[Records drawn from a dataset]

# # # # # # #

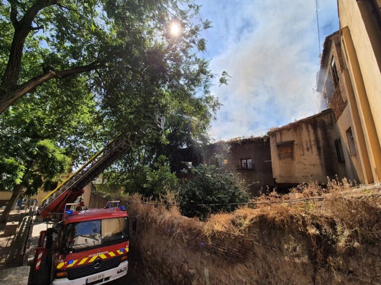 El incendio en una casa de la calle Zarzuela de Toledo provoca su derrumbe, sin daños personales
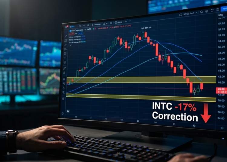 인텔 차트 분석 — 54달러 고점 후 17% 조정, 42~44달러 지지선 주목
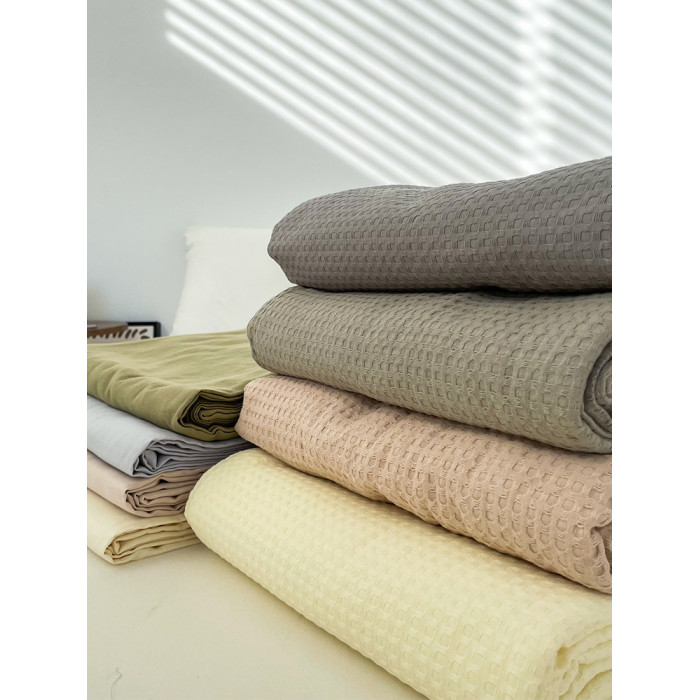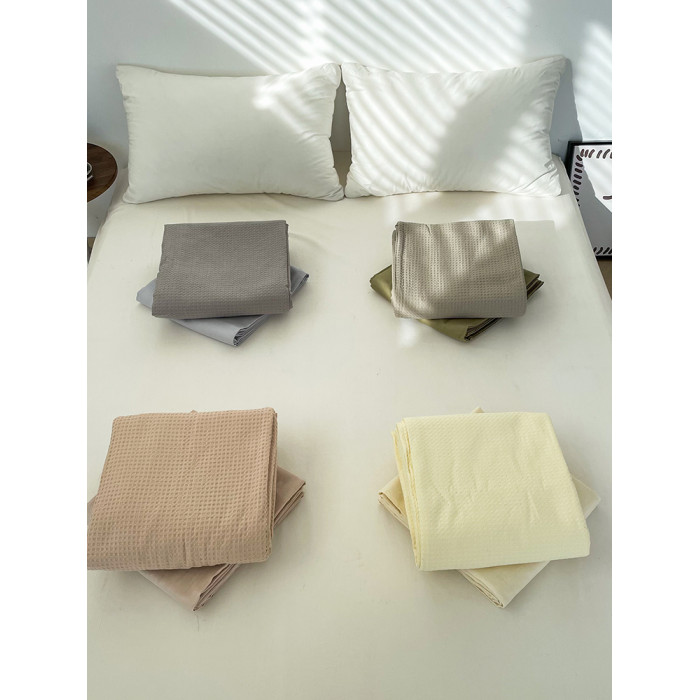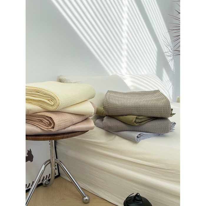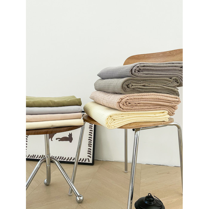 花花造夢純色華夫格系列床單床笠100全棉提花單件親膚透氣雙層紗
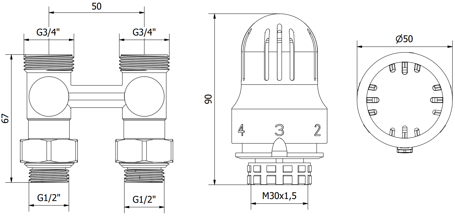 Ventilanschlussdurchmesser: G 1/2" und G 3/4"
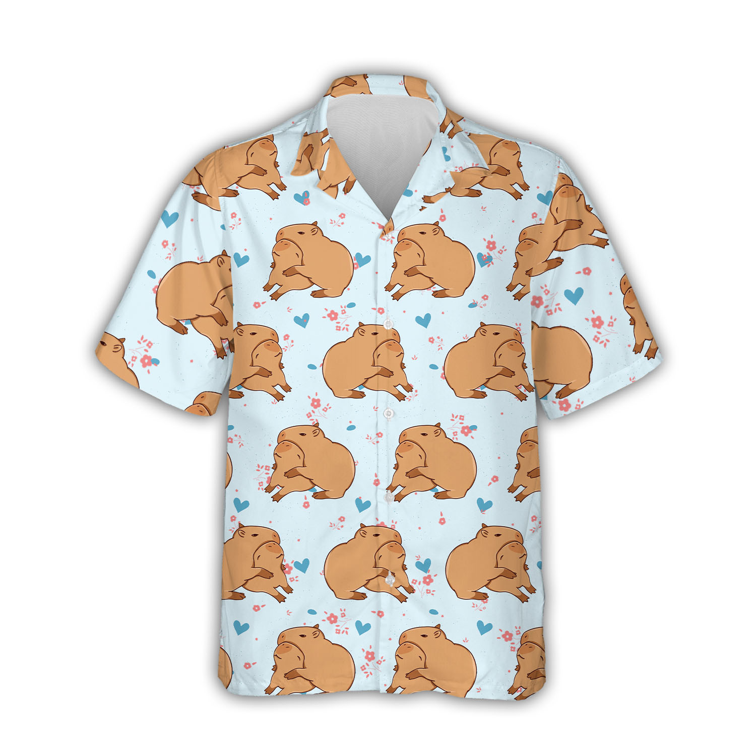 Capybara Printed Hawaiian Shirt Casual Capybara Couple Aloha Summer Beach Button Down Shirts
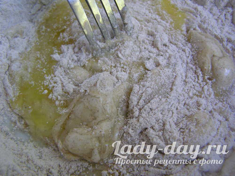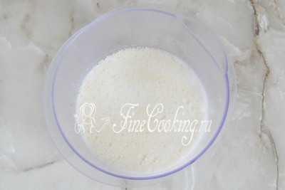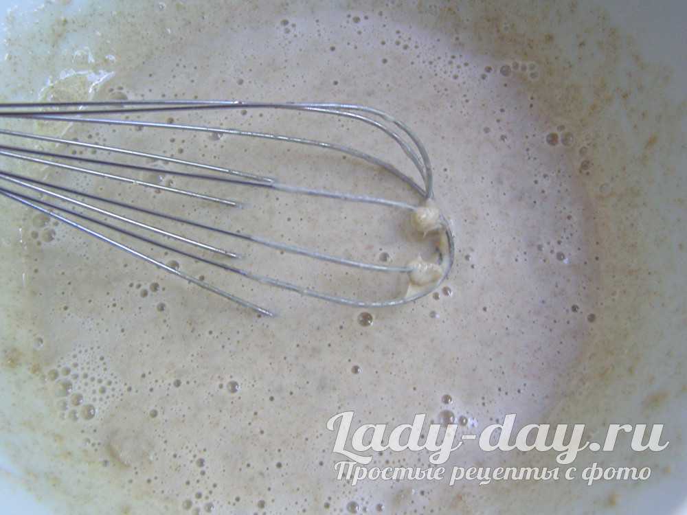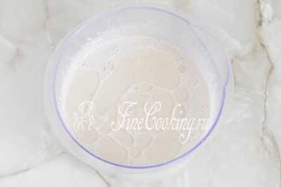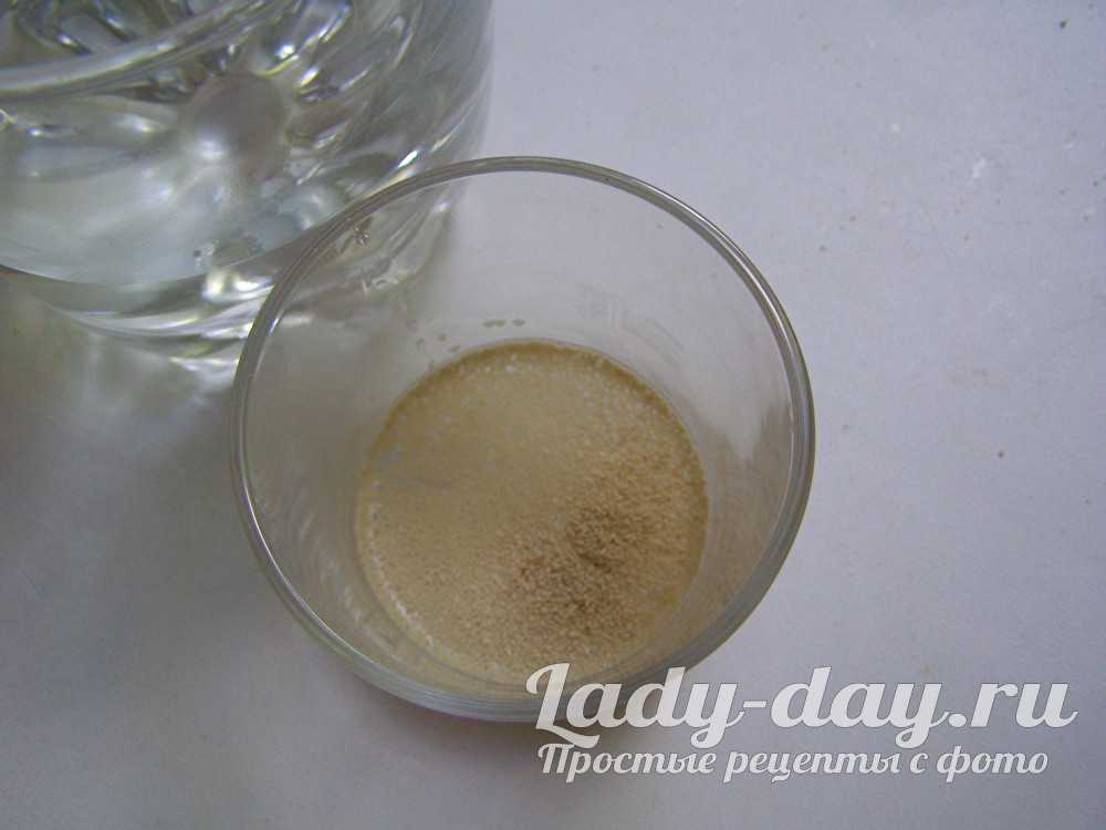 - Дрожжи соединить с сахаром и ввести смесь в общую массу.
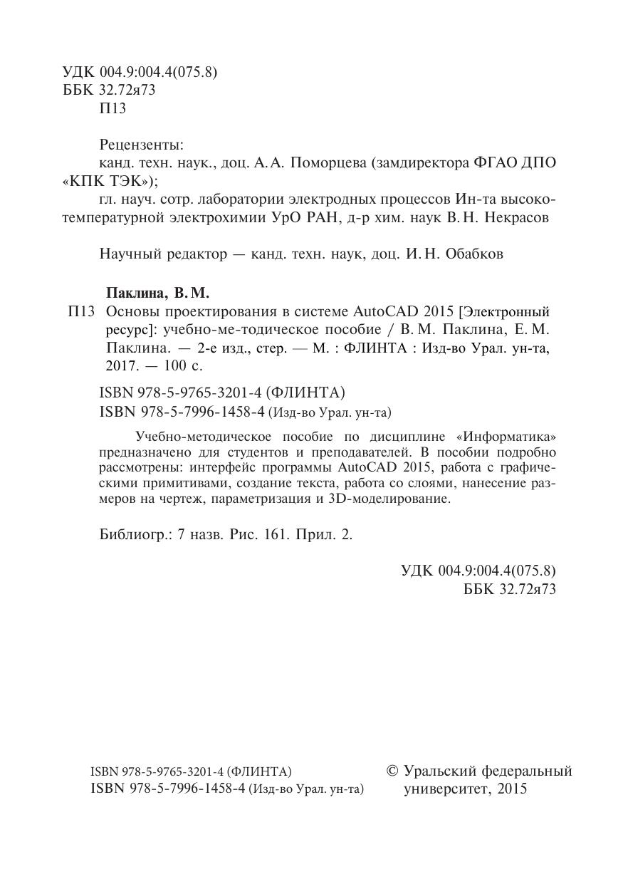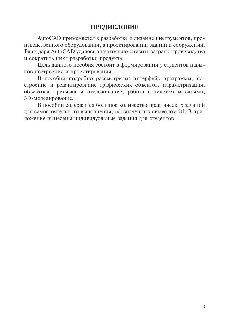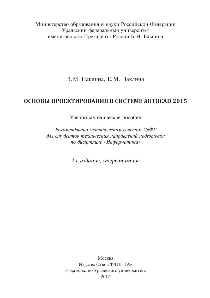 Учебно-методическое пособие по дисциплине "Информатика" предназначено для студентов и преподавателей. В пособии побробно: интерфейс программы AutoCAD 2015, работа с графическими примитивами, создание текста, работа со слоями, нанесение размеров на чертеж, параметризация и 3 D-моделирование

# # # # # # #

> **TASK GOAL**
Please return every record above exactly, but leave out the pictures.

> **SOLUTION TO THIS PROBLEM**
 El incendio en una casa de la calle Zarzuela de Toledo provoca su derrumbe, sin daños personales
 인텔 차트 분석 — 54달러 고점 후 17% 조정, 42~44달러 지지선 주목
 花花造夢純色華夫格系列床單床笠100全棉提花單件親膚透氣雙層紗
 Ventilanschlussdurchmesser: G 1/2" und G 3/4"
 Capybara Printed Hawaiian Shirt Casual Capybara Couple Aloha Summer Beach Button Down Shirts
 - Дрожжи соединить с сахаром и ввести смесь в общую массу.
 Учебно-методическое пособие по дисциплине "Информатика" предназначено для студентов и преподавателей. В пособии побробно: интерфейс программы AutoCAD 2015, работа с графическими примитивами, создание текста, работа со слоями, нанесение размеров на чертеж, параметризация и 3 D-моделирование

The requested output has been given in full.